In the listing that follows, find the line with "6月26日是国际禁毒日,县禁", then copy exactly from it through the line with "In the plot", leaving out every picture.

--- Record extracts ---
========================

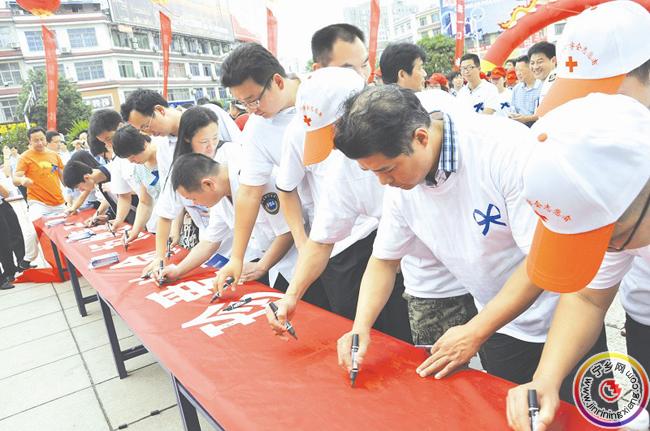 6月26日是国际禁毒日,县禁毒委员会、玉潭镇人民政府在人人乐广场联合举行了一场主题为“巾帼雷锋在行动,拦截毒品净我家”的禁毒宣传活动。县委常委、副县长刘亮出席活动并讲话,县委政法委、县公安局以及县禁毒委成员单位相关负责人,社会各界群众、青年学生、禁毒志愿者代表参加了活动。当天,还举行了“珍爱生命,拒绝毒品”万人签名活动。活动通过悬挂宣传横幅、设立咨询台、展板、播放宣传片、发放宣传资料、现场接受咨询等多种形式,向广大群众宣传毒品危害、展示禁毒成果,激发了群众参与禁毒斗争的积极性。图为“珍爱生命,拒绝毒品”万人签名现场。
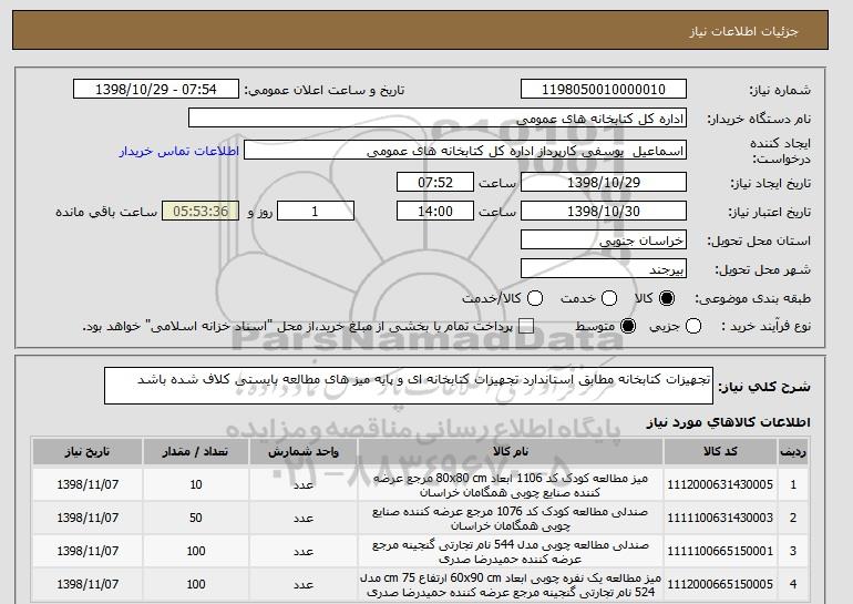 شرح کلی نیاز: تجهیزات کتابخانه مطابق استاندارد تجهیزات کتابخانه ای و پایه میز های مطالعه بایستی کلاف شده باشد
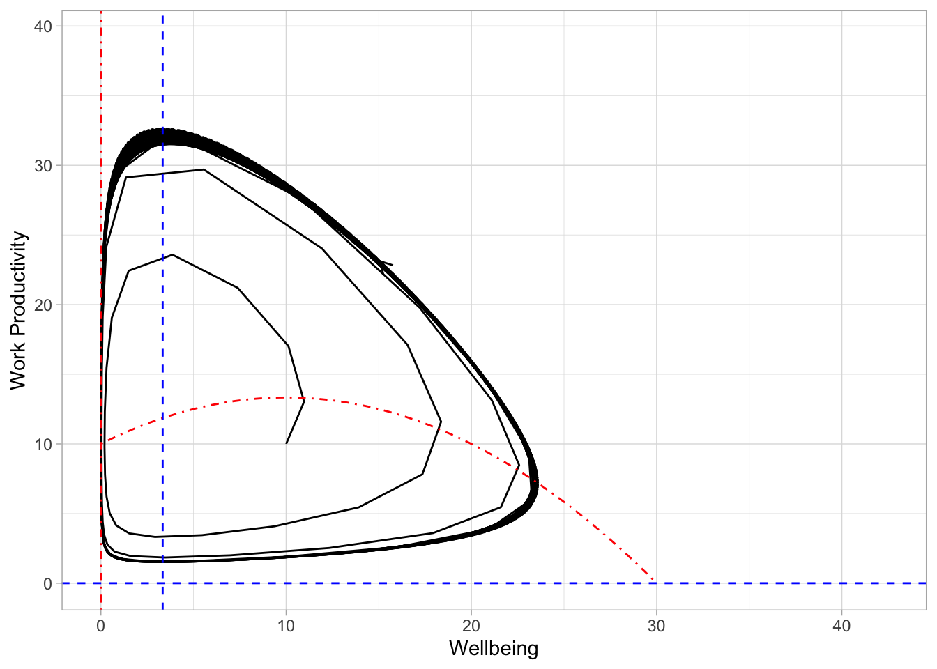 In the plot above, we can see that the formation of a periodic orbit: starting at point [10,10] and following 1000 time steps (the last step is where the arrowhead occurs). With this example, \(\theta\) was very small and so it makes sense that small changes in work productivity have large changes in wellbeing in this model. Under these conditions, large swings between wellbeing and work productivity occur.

========================

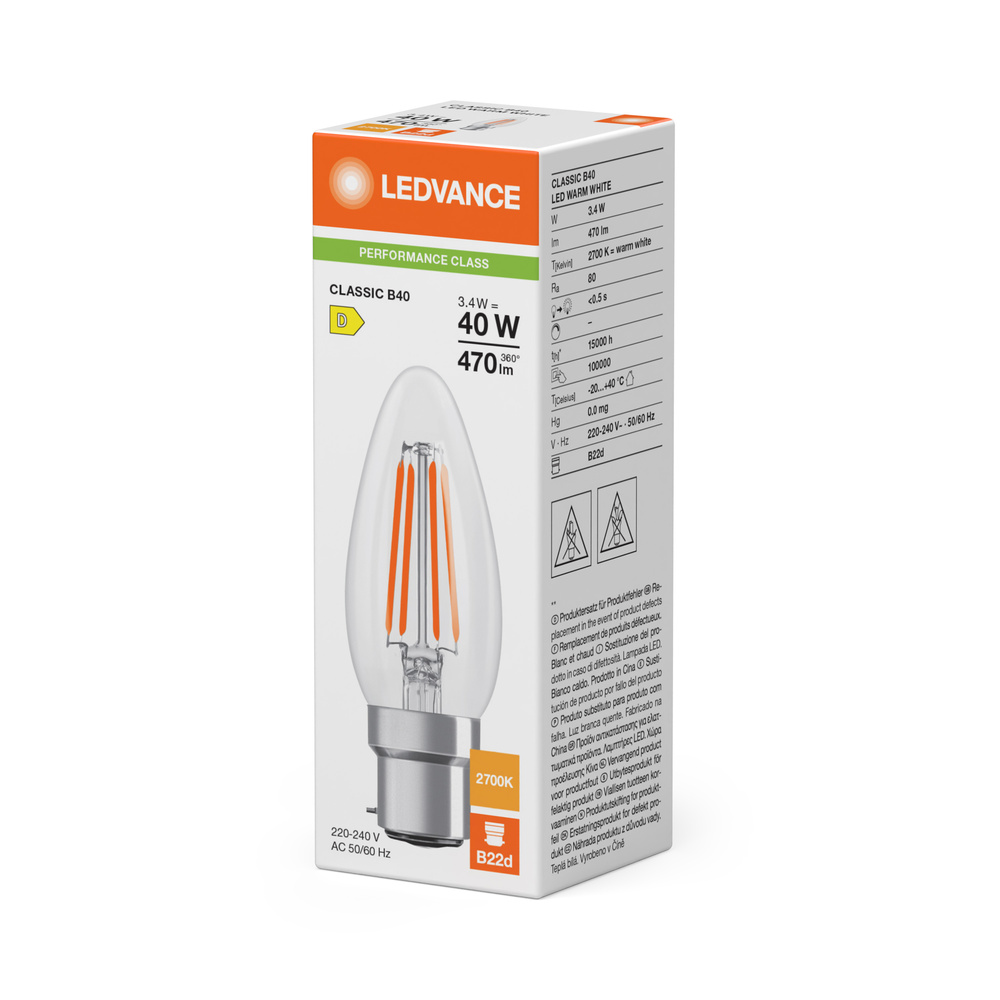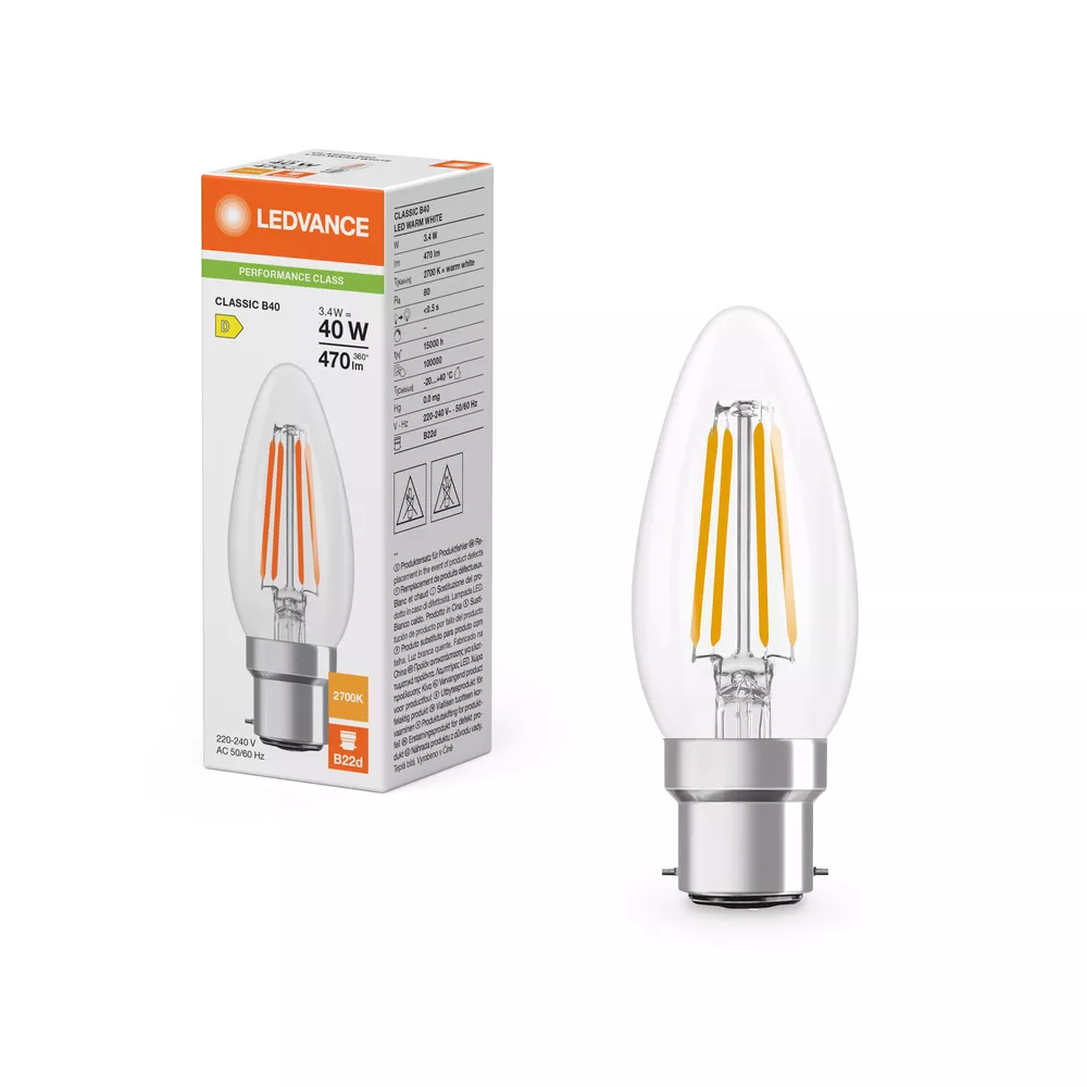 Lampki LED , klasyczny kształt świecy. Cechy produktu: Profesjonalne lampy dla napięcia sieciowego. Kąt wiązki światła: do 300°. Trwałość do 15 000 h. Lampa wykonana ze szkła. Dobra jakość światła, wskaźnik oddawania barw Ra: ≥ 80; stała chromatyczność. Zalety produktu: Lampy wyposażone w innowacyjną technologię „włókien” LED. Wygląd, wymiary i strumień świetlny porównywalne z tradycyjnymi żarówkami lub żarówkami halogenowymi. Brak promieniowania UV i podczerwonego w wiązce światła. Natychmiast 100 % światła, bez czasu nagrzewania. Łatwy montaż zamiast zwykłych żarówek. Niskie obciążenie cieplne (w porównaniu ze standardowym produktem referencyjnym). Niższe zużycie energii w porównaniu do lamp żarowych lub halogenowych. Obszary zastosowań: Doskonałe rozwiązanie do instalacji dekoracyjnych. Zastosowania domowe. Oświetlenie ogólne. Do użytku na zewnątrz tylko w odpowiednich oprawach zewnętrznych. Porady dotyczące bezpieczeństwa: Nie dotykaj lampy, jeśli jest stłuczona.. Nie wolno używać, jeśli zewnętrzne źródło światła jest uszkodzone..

========================

--- Task response ---
 6月26日是国际禁毒日,县禁毒委员会、玉潭镇人民政府在人人乐广场联合举行了一场主题为“巾帼雷锋在行动,拦截毒品净我家”的禁毒宣传活动。县委常委、副县长刘亮出席活动并讲话,县委政法委、县公安局以及县禁毒委成员单位相关负责人,社会各界群众、青年学生、禁毒志愿者代表参加了活动。当天,还举行了“珍爱生命,拒绝毒品”万人签名活动。活动通过悬挂宣传横幅、设立咨询台、展板、播放宣传片、发放宣传资料、现场接受咨询等多种形式,向广大群众宣传毒品危害、展示禁毒成果,激发了群众参与禁毒斗争的积极性。图为“珍爱生命,拒绝毒品”万人签名现场。
 شرح کلی نیاز: تجهیزات کتابخانه مطابق استاندارد تجهیزات کتابخانه ای و پایه میز های مطالعه بایستی کلاف شده باشد
 In the plot above, we can see that the formation of a periodic orbit: starting at point [10,10] and following 1000 time steps (the last step is where the arrowhead occurs). With this example, \(\theta\) was very small and so it makes sense that small changes in work productivity have large changes in wellbeing in this model. Under these conditions, large swings between wellbeing and work productivity occur.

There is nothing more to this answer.